Finally, the court a quo ordered that each
party should bear
its own costs of the application. There is no appeal to this
court against the dismissal of the trust’s
application to
review and set aside the MEC’s refusal to consider the trust’s
appeal in terms of section 43(2) of NEMA.
[18]
It is to the question of the trust’s failure to exhaust its
internal remedies that I now turn. The court a quo
mero motu
condoned the trust’s failure to ‘successfully’

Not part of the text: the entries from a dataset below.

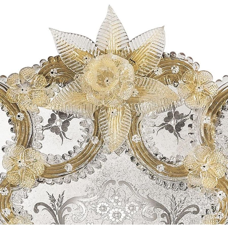 The most famous characters are the typical engraved curl finishings together with the depiction of Bacco, Justice or the well-know Venetian Eighteenth-century. Crystal colored Murano decorative flowers, leaves, twisted ropes and multicoloured glass paste rosettes embellish each Venetian mirror. The result is a unique item comparable to a work of art for craftsmanship and excellence in its execution.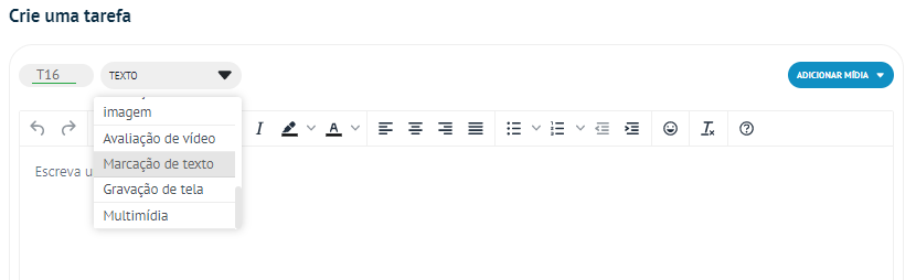 Você pode complementar o enunciado da sua tarefa com um vídeo, foto ou arquivo. Para isso, basta clicar no botão "Mídias" no canto superior direito da caixa de texto e fazer o upload.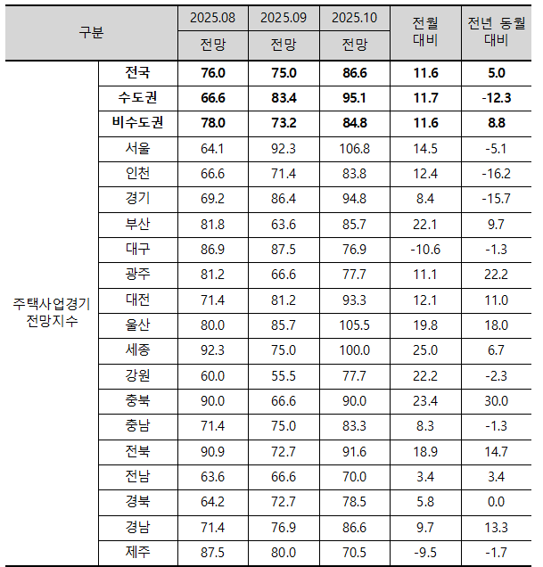 수도권은 11.7p 상승하며 95.1로, 비수도권은 11.6p 상승하며 84.8로 전망됐다.

exhaust the internal remedy of appeal that was available to it under
s 43(2) of NEMA. In doing so, it held as follows:
‘
80.
An important factor in this instance is the fact that the
trust attempted to exhaust internal remedies by noting
an appeal.
81.
I believe that the trust’s prospect in respect of the review
application is also a relevant consideration to determine
whether the
trust should be exempted from the obligation to exhaust internal
remedies in the interest of justice.
82.
In all the circumstances I conclude that the trust’s failure to
successfully exhaust internal remedies should be
condoned.’
[19]
Section 7(2)
(a)
of PAJA provides that ‘[s]ubject to paragraph
(c)
,
no court or tribunal shall review an administrative action in terms
of this Act unless any internal remedy provided for in any
other law
has first been exhausted’. Section 7(2)
(b)
provides that a court or tribunal must, ‘if it is not satisfied
that any internal remedy referred to in paragraph
(a)
has been exhausted, direct that the person concerned must first
exhaust such remedy before instituting proceedings in a court or
tribunal for judicial review in terms of this Act’. This
provision is subject to s 7(2)
(c)
which provides that ‘[a] court or tribunal may,
in
exceptional circumstances
and
on
application
by the person concerned, exempt such person from the obligation to
exhaust any internal remedy if the court or tribunal deems it
in
the interest of justice
.’
(Emphasis added.)
[20]
It is compulsory for the aggrieved party in all cases to exhaust the
relevant internal remedies before approaching a court
for review,
unless exempted from doing so by way of a successful application
under s 7(2)
(c)
PAJA.
The person seeking exemption must satisfy the court, first that
there are exceptional circumstances, and, second, that
it is in the
interest of justice that the exemption be given. (See
Nichol
& another v Registrar of Pension Funds & others
2008
(1) SA 383
(SCA) para 15;
Dengetenge
Holdings (Pty) Ltd v Southern Sphere Mining & Development Co Ltd
& others
2014
(5) SA 138
(CC) para 115.)
[21]
Section 7(2)
(c)
of PAJA postulates an application to the court by the aggrieved party
for exemption from the obligation to exhaust any internal
remedy.
(See
Dengetenge
Holdings
para 116.) The trust did not apply for exemption from the
obligation to exhaust the internal remedy of appeal that was
available
to it in terms of s 43(2) of NEMA. I nevertheless
proceed to consider the court a quo’s reasons for having
granted
the exemption to the trust.
[22]
The court a quo appears to have been satisfied that the required
‘exceptional circumstances’ were present since
‘the
trust attempted to exhaust internal remedies by noting an appeal’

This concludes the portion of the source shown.